• [WORKING DATA]:
====================
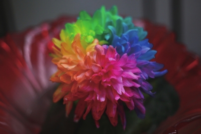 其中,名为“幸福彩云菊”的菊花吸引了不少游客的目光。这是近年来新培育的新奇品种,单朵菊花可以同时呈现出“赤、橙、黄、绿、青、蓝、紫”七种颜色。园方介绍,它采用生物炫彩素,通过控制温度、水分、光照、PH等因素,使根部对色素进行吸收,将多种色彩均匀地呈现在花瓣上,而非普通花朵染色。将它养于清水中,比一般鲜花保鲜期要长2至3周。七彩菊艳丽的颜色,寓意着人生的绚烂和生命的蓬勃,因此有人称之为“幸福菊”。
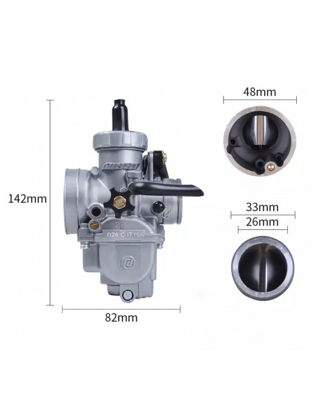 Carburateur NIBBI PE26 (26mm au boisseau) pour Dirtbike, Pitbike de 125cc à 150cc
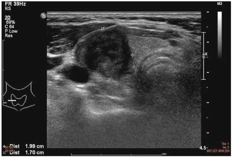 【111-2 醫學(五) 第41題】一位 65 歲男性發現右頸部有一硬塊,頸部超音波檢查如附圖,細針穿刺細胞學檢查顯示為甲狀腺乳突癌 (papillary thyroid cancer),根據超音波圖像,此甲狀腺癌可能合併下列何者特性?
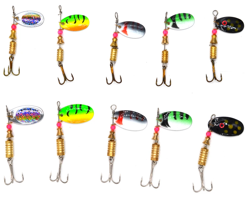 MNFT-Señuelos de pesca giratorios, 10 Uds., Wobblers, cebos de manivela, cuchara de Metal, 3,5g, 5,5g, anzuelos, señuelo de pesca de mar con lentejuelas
====================
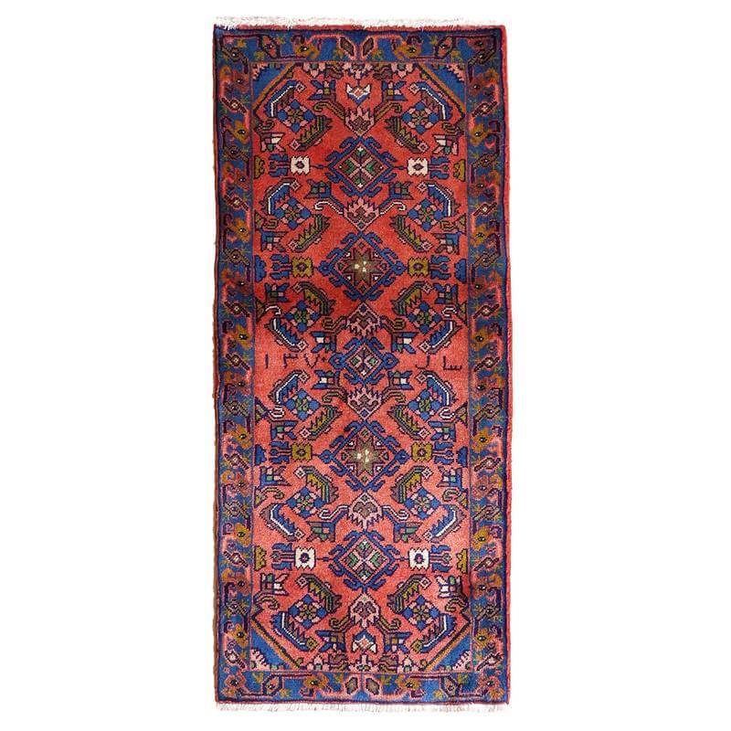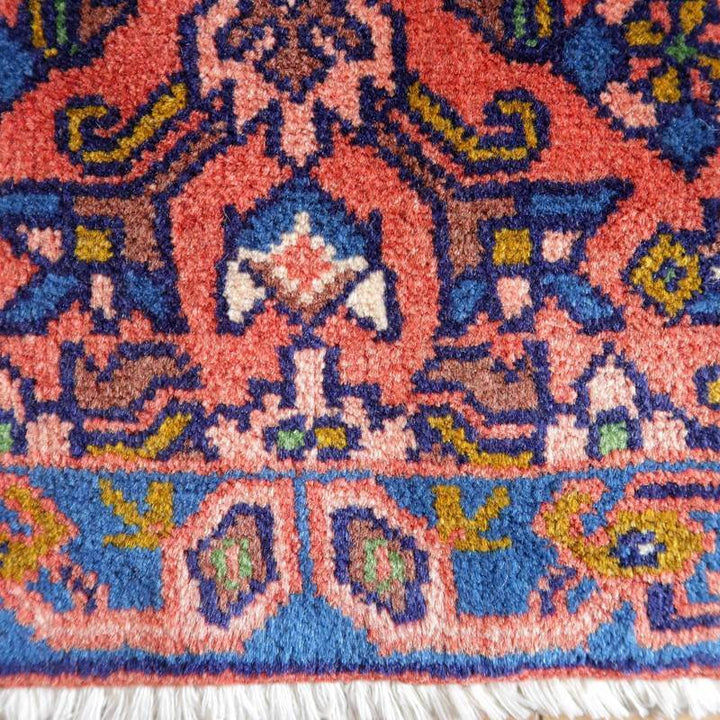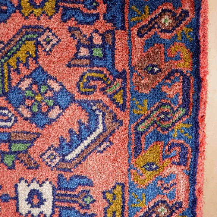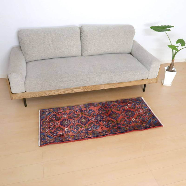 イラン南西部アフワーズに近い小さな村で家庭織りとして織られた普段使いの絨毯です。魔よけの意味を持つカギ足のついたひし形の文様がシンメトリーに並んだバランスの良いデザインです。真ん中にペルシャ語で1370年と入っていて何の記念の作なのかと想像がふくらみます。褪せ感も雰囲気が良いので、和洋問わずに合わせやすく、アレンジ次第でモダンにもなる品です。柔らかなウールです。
====================
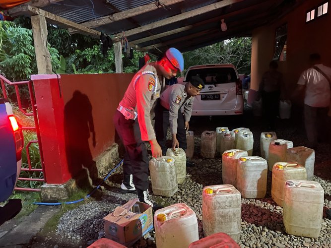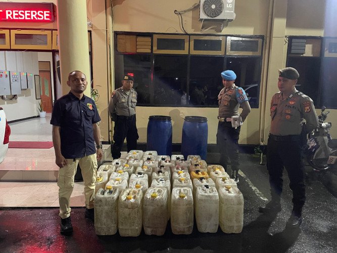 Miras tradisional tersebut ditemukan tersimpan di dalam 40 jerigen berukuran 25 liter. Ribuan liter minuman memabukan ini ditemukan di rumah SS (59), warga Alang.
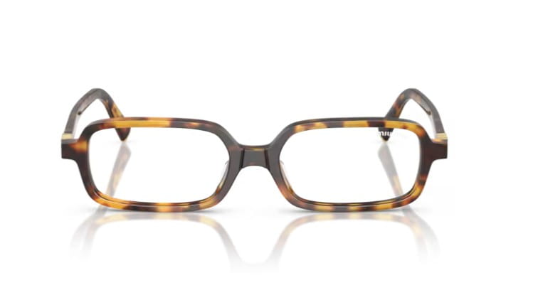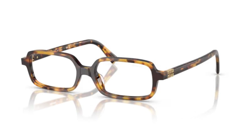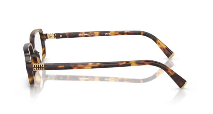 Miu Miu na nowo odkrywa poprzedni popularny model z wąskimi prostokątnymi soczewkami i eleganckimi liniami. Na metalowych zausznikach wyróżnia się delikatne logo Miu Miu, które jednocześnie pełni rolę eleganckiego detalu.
====================
• [EXERCISE BRIEF]:
Range to copy from the records above: the line containing "(papillary thyroid cancer),根據超音波圖像,此甲狀腺癌可能合併下列何者特性?" to the line containing "MNFT-Señuelos de pesca", both included. Output those lines exactly and only those, skipping pictures.

• [REPLY]:
 【111-2 醫學(五) 第41題】一位 65 歲男性發現右頸部有一硬塊,頸部超音波檢查如附圖,細針穿刺細胞學檢查顯示為甲狀腺乳突癌 (papillary thyroid cancer),根據超音波圖像,此甲狀腺癌可能合併下列何者特性?
 MNFT-Señuelos de pesca giratorios, 10 Uds., Wobblers, cebos de manivela, cuchara de Metal, 3,5g, 5,5g, anzuelos, señuelo de pesca de mar con lentejuelas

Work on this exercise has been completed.